Heigl plays Abby Richter, a Sacramento breakfast TV show producer, and the kind of frightening valkyrie who background-checks her dates. This glamorous professional remains inexplicably single - until the execs pair her up with shouty shock jock Mike Chadway (a dodgy-accented Gerard Butler) to boost the ratings with his lame 'Men are from Bars, Women Need a Penis' shtick. Chadway's 'Ugly Truth' segment claims to spill the beans about the sexes while advising pent-up women to flick the same. "Men are simple, they cannot be trained! You wanna win a man over, you don't need ten steps, you just need blowjobs!" While women who want 'relationships' are advised to talk dirty, dress like Streetwalker Barbie and "get a StairMaster". Given that Mike has already called Abby a "dog" and a "lesbian", what happens next is frankly extraordinary: the shriekingly strange control freak falls for her neighbour, the young orthopaedic doctor Colin (Eric Winter), and challenges Mike to be her very own Cyrano-in-an-earpiece. And, well, we all know how 'Roxanne' turned out. (Or not: Mike doesn't actually get off with Colin.)
If one were to take a buzzsaw to The Ugly Truth, its arterial spray would drip down the wall to form the coagulated word 'Generic'. Among 37,000 similar rom-coms, it is markedly close to 2001's 'Someone Like You', in which Ashley Judd uses roommate Hugh Jackman's womanising outlook as raw material for her sexist advice column. And then falls in love with him. This lack of any originality whatsoever wouldn't be so insulting if there existed any actual chemistry between the leads; if the supporting cast weren't as slight as snowflakes (wimpy Colin is barely even human); or if, with its trash-mouth, oral-sex gags and casting, it didn't so desperately and transparently want to be a Judd Apatow movie. Just one without the insight. Or soul. Or wit. Or anything. Why is Mike in love with Abby? "Beats the s*** out of me, but I am." And that, boys and girls, is how you tidily dispose of character development when your script ain't worth a fart.
Its leading lady exec-produced this (rarely a promising sign), and so did her mum, but this film seemingly exists only to utterly humiliate Heigl via three farcical set-pieces; the lowlight of which sees her remote-controlled vibrating sex knickers (a gift from Mike, with the honest-to-goodness words "this isn't for you, it's for your bean") being 'accidentally' activated while she's out having dinner with clients.
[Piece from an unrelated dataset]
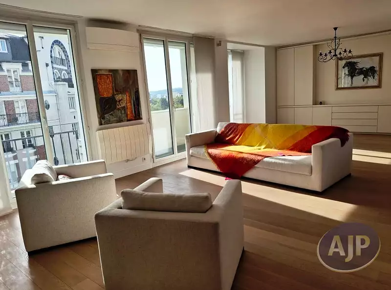 16ème Sud. Porte de Saint-Cloud. Dans une copropriété récente sécurisée et bien tenue. Appartement de réception ou familial au 6ème étage sur 7 avec ascenseur. Entrée desservant le vaste double séjour de plus de 45m² orienté plein Sud donnant sur le balcon filant (14m²), salle à manger indépendante, grande cuisine séparée, aménagée et équipée, buanderie attenante à la cuisine, trois chambres confortables avec rangements dont l'une avec sa salle de bains attenante, salle d'eau, deux dressing, WC séparé. Parfait état. Cave. Gardienne à demeure. (3.85 % honoraires TTC à la charge de l'acquéreur.) Copropriété de 23 lots - dont 18 lots habitation. (Pas de procédure en cours). Charges annuelles : 8900 euros.

Meg Ryan's got nothing to worry about but Nora Ephron should sue. "Thanks for coming tonight" says Mike. "For dinner. That kind of coming." Sure, we get it. Who wrote these gags, David Brent? Well actually, a trio of women wrote this film (two of them also being the brains behind 'Legally Blonde', 'She's The Man' and 'The House Bunny'), demonstrably proving that chauvinism isn't the sole preserve of one sex.